Ask, in polls, which religion “other than your own” you view most positively, and the largest set of respondents lists Mormon and Muslim as problematic. Years ago Jews and Catholics were most feared and despised, but today they are most readily accepted by others! One reason for the change is interfaith marriage, and, alongside it, many other means of getting to know “the other.”

In an interview, Schaefer Riley describes what’s surprised her about her own interfaith marriage:

I told my husband on our first date that I plan to raise my children Jewish. In my survey, though, apparently, about less than half of interfaith couples actually talk about how they’re going to raise their children before they get married. So that wasn’t a big surprise. But I will say one of the interesting things is that I think most people getting into interfaith unions seem to think it’s kind of one discussion happens, somebody wins, and then you sort of move forward from there.

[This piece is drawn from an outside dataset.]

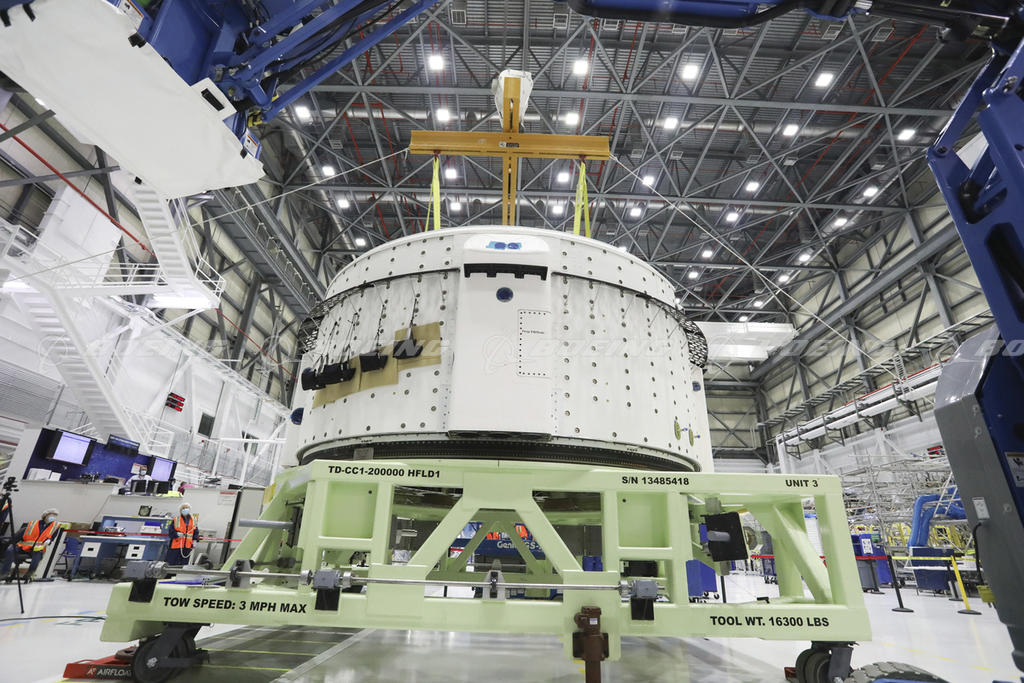 The completed Starliner service module for the Orbital Flight Test-2 mission prepares to be weighed inside the Starliner production factory at Kennedy Space Center in Florida.

But I think it’s been a much more dynamic process. And, you know, you don’t really realize until you get to these various milestones in life, you know, how you’re going to feel about them. And little things can really affect the compromises that you’ve reached, you know. So you used to go to so-and-so’s for, you know, an Easter egg hunt, and it was completely an, you know, irreligious experience. You know, that person no longer hosted, and then you go to Uncle So-and-So’s, and he’s much more into talking about the real reason behind Easter. And suddenly, I think an interfaith family can get very uncomfortable.